– Спасибо, – сказала мисс Брейси, не открывая глаз.
– Почему вы остались? Что вы хотите рассказать?
– Осталась? Когда?
– Сейчас.
– Вы имеете в виду «тогда».
Над кассой тикали часы. Мисс Брейси вздохнула.
– Ведь вы возвращались в театр?
– В туалет. Внизу туалет.
– Почему вы сразу не сказали?
Она произнесла очень отчетливо:
– Потому что это было неважно.
– Или потому что это очень важно?
– Нет.
– Вы видели или слышали кого-нибудь, пока были в нижнем фойе?
– Нет. Да. Слышала Уинти и Марко в офисе наверху. Они вышли. А я осталась. Укрылась. И они меня не видели.
– Видели еще кого-то? Джоббинса?
– Нет.
– Там был кто-то, так?
– Нет. Нет. Нет.
– Тогда почему это вас так беспокоит?
Мисс Брейси открыла рот, прикрыв его ладонью, и поднялась, едва заметно качнувшись. Аллейн протянул руку, чтобы поддержать ее, но она отскочила и опасно бросилась к боковой двери – незапертой. Распахнула ее, да так и оставила. Аллейн остановился на пороге, а мисс Брейси попятилась прочь через портик. Поняв, что Аллейн не намерен ее преследовать, она взмахнула рукой, как безумная, и побежала на стоянку. Аллейн успел заметить, как она забирается в свой мини. На пассажирском сиденье сидел мужчина; почувствовав взгляд Аллейна, он отвернулся. Это был Чарльз Рэндом.
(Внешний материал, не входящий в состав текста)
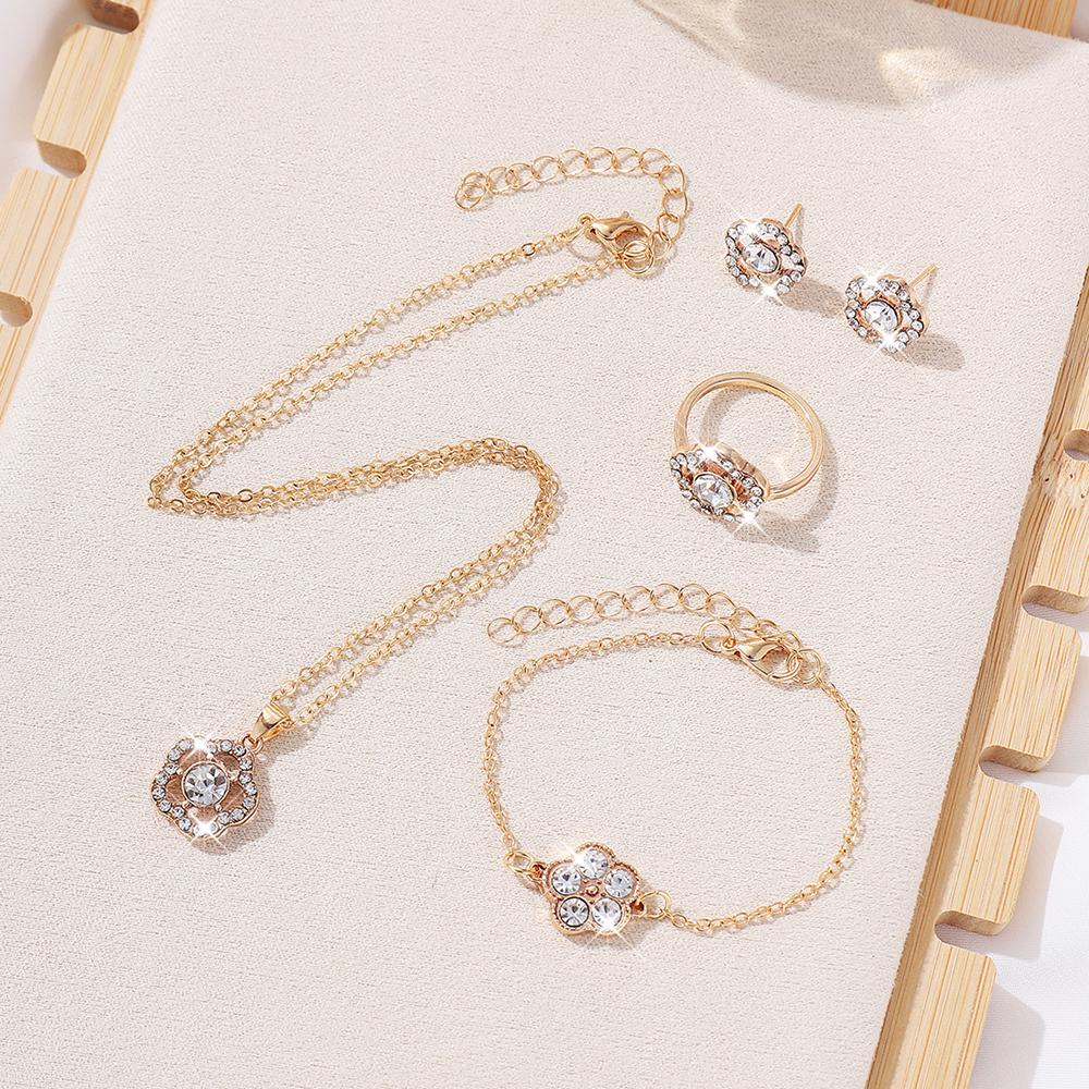 5pcs Women Zircon Set With Fashionable And Elegant Rhinestone Flower Shaped Necklace, Bracelet, Ring, and Earring Accessories,

– Задержать ее? – прозвучал рядом голос Фокса.
– Нет. Зачем? Пусть едет.
III
– Кажется, получилось, – сказал Перегрин. Он отложил ручку, пошевелил пальцами и поднял взгляд на Эмили.
По Фиппс-лейн гуляли ветер и сомнительные запахи; Перегрин и Эмили перешли по мосту и вернулись в квартиру. Эмили готовила обед, пока Перегрин трудился, записывая все, что мог вспомнить о встречах с мистером Кондусисом. Джереми не появлялся.
– «Как я провел каникулы. Пишите ярко, коротко и ясно», – заметила Эмили.
– Боюсь, я накропал бессовестно много, – ответил Перегрин. – О краткости нет и речи. Взгляни.
– Мистер Аллейн поставит тебе оценку «вполне “хор”, но следует приложить больше усилий». Ты уверен, что не упустил важную мелочь, вокруг которой вертится вся загадка?
– Шутишь? Ни в чем я не уверен. Про то, как я чуть не утонул, думаю, написал полностью, но вот насчет визита на Друри-плейс – не знаю. Разумеется, ведь к концу разговора я был пьян, – сказал Перегрин. – Кондусис действительно странный. Знаешь, Эмили, милая, теперь мне представляется, что он действовал по какому-то порыву. Как будто это он чуть не утонул, а не я, и носился (да, я смешиваю метафоры), как утка, которой голову отрубили. Словно одержимый. А я просто нализался. По крайней мере, сейчас мне представляется именно так.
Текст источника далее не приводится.